Effects of chemical components and size fractions of particulate matters on visibility

Abstract

Airborne particulate matters were an important component of ambient air because of its significant effects on air quality, human health, regional visibility, and global climate change. High particulate matters were an important factor that causes low visibility. In this study, I investigated the relationships between visibility and PM2.5 concentration in the Tainan metropolitan area, southern Taiwan, from 2010 to 2018. The annual average PM2.5 concentration decreased from 37.0±19.4 μg/m3 in 2010 to 22.4±11.8 μg/m3 in 2018, while the annual average visibility increased from 8.53±4.56 km to 15.8±10.3 km in 2018. The 9-year annual average visibility was exponentially increased with the decreased annual average PM2.5 mass concentrations, expressing as Vis=587.2×PM2.5 -1.21 (where the unit in Vis is km and in PM2.5 is μg/m3, r value= -0.860).
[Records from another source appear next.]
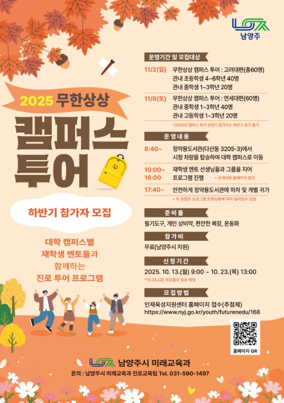 [메이저뉴스]남양주시는 10월 13일부터 10월 23일까지 관내 초등학교 4학년부터 고등학교 3학년을 대상으로 ‘무한상상 캠퍼스 투어’ 참가자를 모집한다.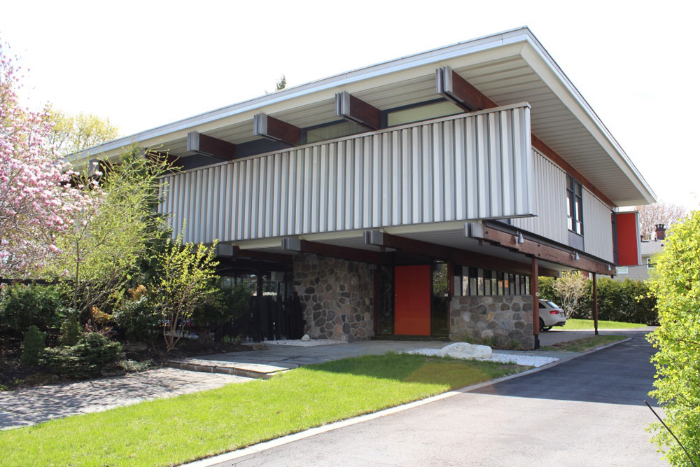 Maison construite rue Bachand à Boucherville, en 1951, selon le plan de l'architecte Roland Dumais qui avait remporté en 1947 le premier prix pour le Québec à un concours de la SCHL pour les architectes canadiens tel qu'illustré dans la publication «67 Homes for Canadians» de la SCHL. .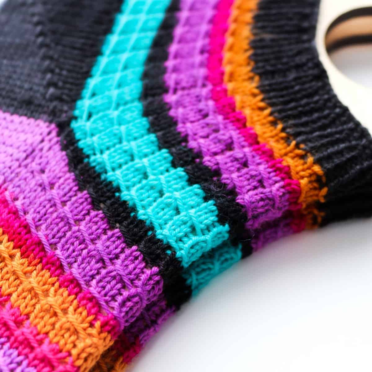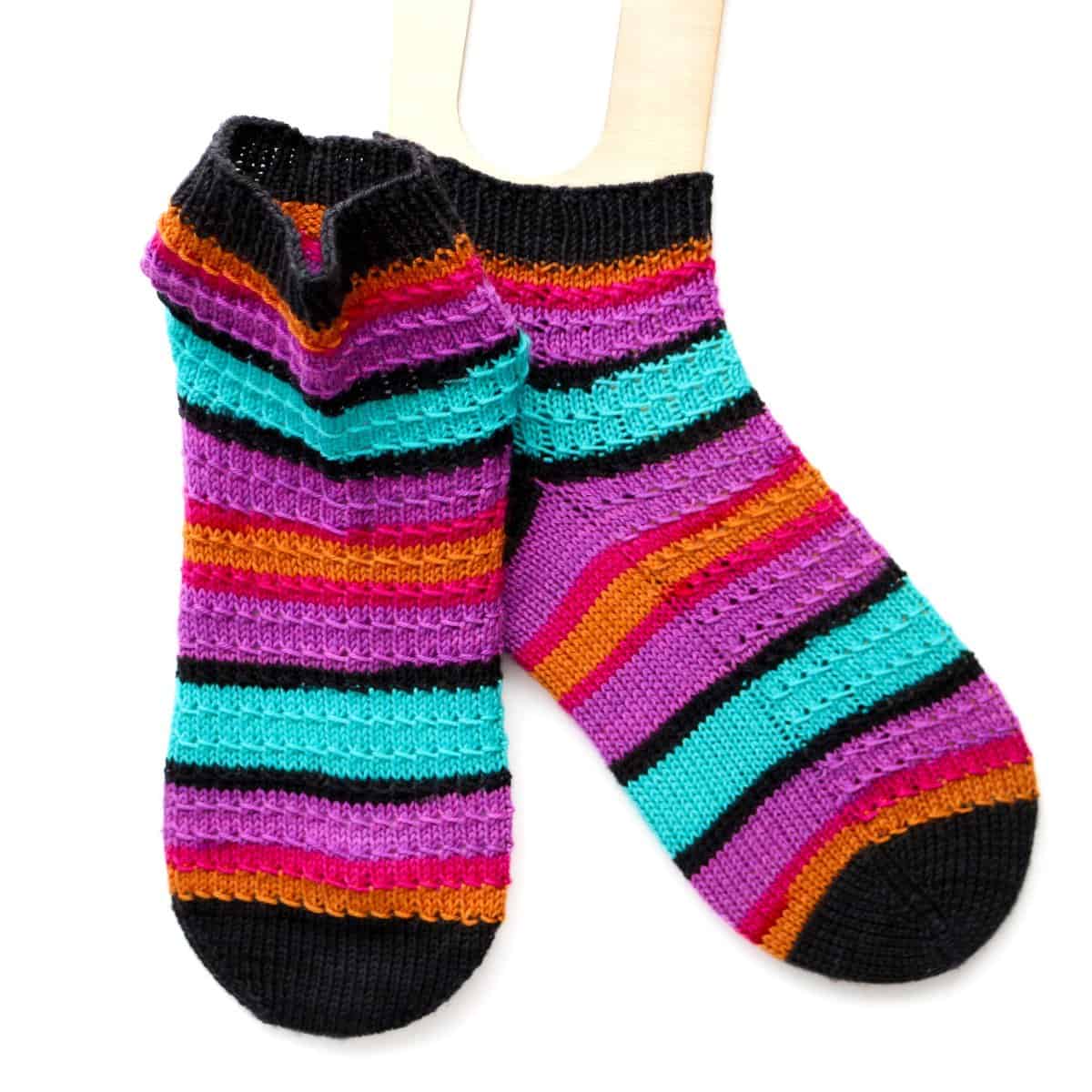 32 stitches by 40 rounds in stockinette = 4โ / 10 cm, after blocking. Gauge is crucial in obtaining the correct fit. Changes in gauge will result in a size difference for your finished socks.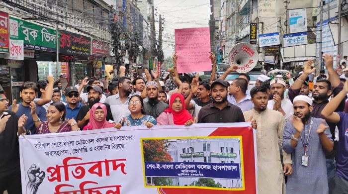 বরিশালে শের-ই-বাংলা মেডিকেল কলেজ হাসপাতালের (শেবাচিম) অব্যবস্থাপনা, ভোগান্তি ও হয়রানির বিরুদ্ধে প্রতিবাদ মিছিল করেছেন ভুক্তভোগী সাধারণ মানুষ ও শিক্ষার্থীরা। সোমবার (২৮ জুলাই) বিকেল ৪টায় শেবাচিম হাসপাতালের প্রধান ফটকে এই কর্মসূচি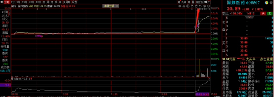 临近尾盘,国邦医药快速拉升,10分钟内完成封板。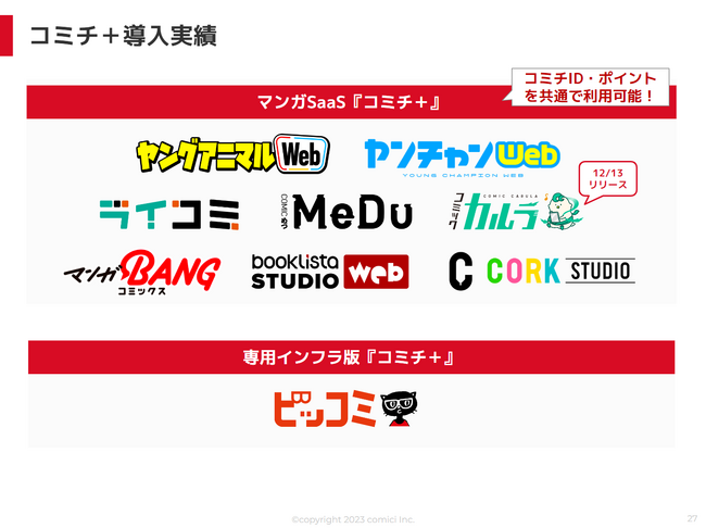 白泉社「ヤングアニマルWeb」、秋田書店「ヤンチャンWeb」、小学館「ビッコミ」(専用インフラ版)と、出版社のWebマンガ誌のインフラを担っています。

From 2010 to 2018, the visibility of the four seasons was the best in summer, with an average of 15.1±7.54 km, while the PM2.5 concentration in summer was the lowest, averaging only 15.5±7.88 μg/m3. The worst visibility was in the winter, with an average of only 6.62±6.18 km, while winter PM2.5 was the highest concentration, with an average of 40.5±16.9 μg/m3. Season visibility was also negatively correlated with PM2.5 concentration, expressing as Vis=157.9×PM2.5 -0.860 (r value= -0.866). The increasing trend in visibility was significantly related to the decreased concentration in PM2.5. The size distributions and concentrations of chemical composition during the Moon Festival such as nss-SO4 2- (2.9889±0.0300 μg/m3), NH4 + (0.9275±0.1131 μg/m3), and oxalate (0.0674±0.0227 μg/m3), respectively. Chemical compositions that mention above were major chemical composition effect on visibility due to photochemical reaction and similarly peak concentrations of these species occurred at 0.56 μm in the submicron droplet mode.